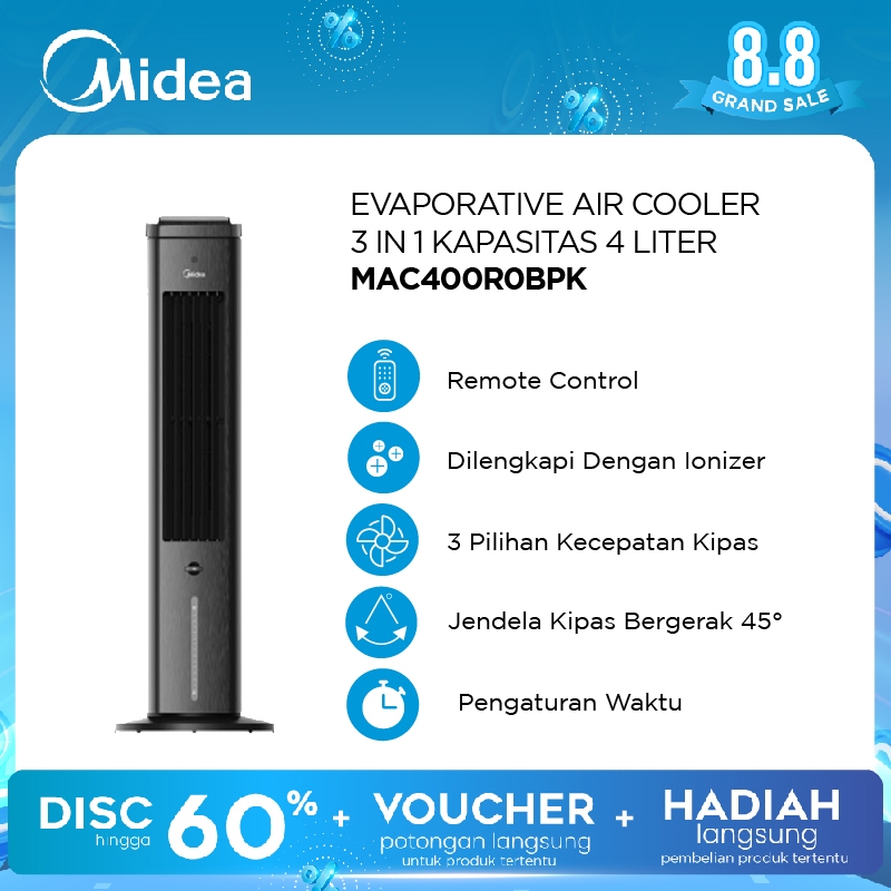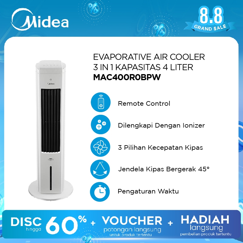 Midea 3-in-1 Evaporative Air Cooler - MAC400R0BPW (4L) - Remote and Ionizer Technology Gen 2
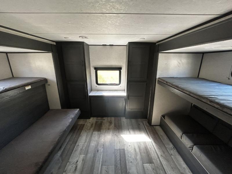 Don't pass up your chance to camp in luxury with this Aspen Trail travel trailer! The rear private bunkhouse is sure to be a hit with your kids. Inside the bunkhouse there is not only one set of bunk beds on a slide, but there is also a second set of bunk beds on a slide, and two closets for your things. The full bathroom is even located just outside of the bunkhouse which will come in very handy at night. Everyone will love gathering together for meal time at the U-shaped dinette and sofa, but if you want to breathe in the fresh air while you eat, then grab a chair and table from the exterior mega pass-through storage compartment and set it up underneath the 18' power awning!
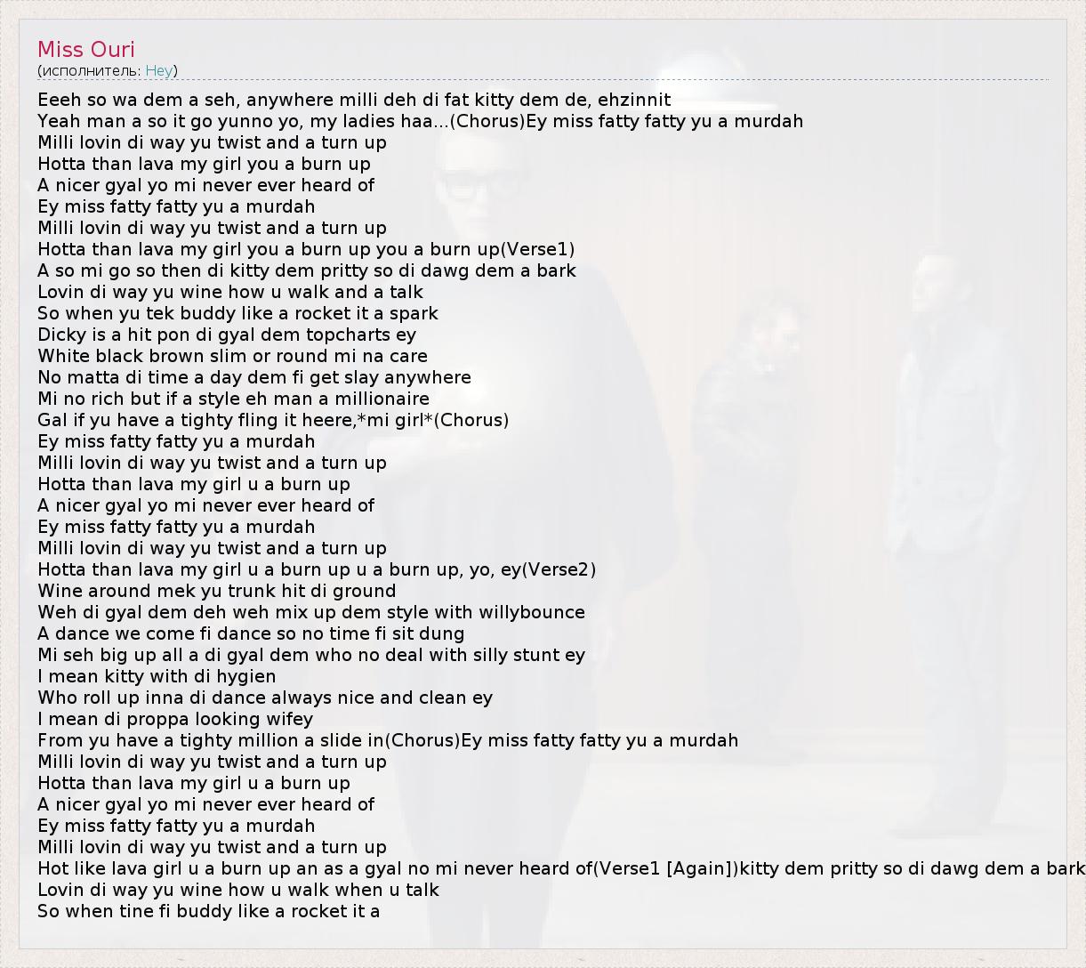 From yu have a tighty million a slide in(Chorus)Ey miss fatty fatty yu a murdah

# WHAT IS REQUIRED
For this exercise, retype exactly, and only, the lines from the line with "Don't pass up" through the last line of the material above, both included. Pictures stay out.

# TASK RESPONSE
 Don't pass up your chance to camp in luxury with this Aspen Trail travel trailer! The rear private bunkhouse is sure to be a hit with your kids. Inside the bunkhouse there is not only one set of bunk beds on a slide, but there is also a second set of bunk beds on a slide, and two closets for your things. The full bathroom is even located just outside of the bunkhouse which will come in very handy at night. Everyone will love gathering together for meal time at the U-shaped dinette and sofa, but if you want to breathe in the fresh air while you eat, then grab a chair and table from the exterior mega pass-through storage compartment and set it up underneath the 18' power awning!
 From yu have a tighty million a slide in(Chorus)Ey miss fatty fatty yu a murdah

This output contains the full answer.